Thermoascus

Scientific classification
- Kingdom: Fungi
- Division: Ascomycota
- Class: Eurotiomycetes
- Order: Eurotiales
- Family: Thermoascaceae
- Genus: Thermoascus Bainier (1907)
- Type species: Thermoascus aurantiacus Miehe (1907)
- Species: T. aegyptiacus T. aurantiacus T. crustaceus T. taitungiacus T. thermophilus T. verrucosus T. yaguchii

= Thermoascus =

Genus of soil fungi

Thermoascus is a genus of soil fungi in the family Trichocomaceae. Species in the genus are characterized by the production of heat-resistant ascospores. Thermoascus was circumscribed by German botanist Hugo Miehe in 1907.

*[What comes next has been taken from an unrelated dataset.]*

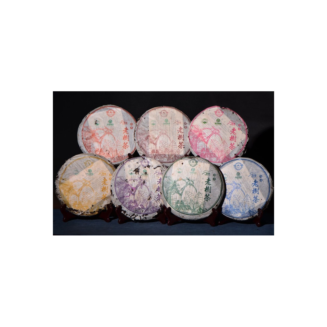 Виготовлений із сировини великих старих дерев, що виростають на території племені дайців, відповідно до їх чайних традицій. Обгортки різнокольорові, але чай у них той самий.

The type species, Thermoascus aurantiacus, is of research interest because it secretes heat-resistant hydrolase enzymes that could possibly be used in biotechnological applications, such as the conversion of biomass to biofuels. Genetic tools have been developed to genetically edit Thermoascus aurantiacus, such as an Agrobacterium tumefaciens-mediated transformation protocol and a CRISPR-Cas9 gene editing system, which have been used to overexpress genes that correspond to production of enzymes that break down plant matter and inactivate genes.

==Species==
- Thermoascus aegyptiacus S. Ueda & Udagawa (1983)
- Thermoascus aurantiacus Miehe (1907)
- Thermoascus crustaceus (Apinis & Chesters) Stolk (1965)
- Thermoascus taitungiacus K.Y.Chen & Z.C.Chen (1996)
- Thermoascus thermophilus (Sopp) Arx (1970)
- Thermoascus verrucosus (Samson & Tansey) Houbraken, Frisvad & Samson (2020)
- Thermoascus yaguchii (Samson & Tansey) Houbraken, Frisvad & Samson (2020)

Another described species, Thermoascus isatschenkoi Malchevskaya (1939), is considered doubtful due to a lack of examinable material and an incomprehensive description.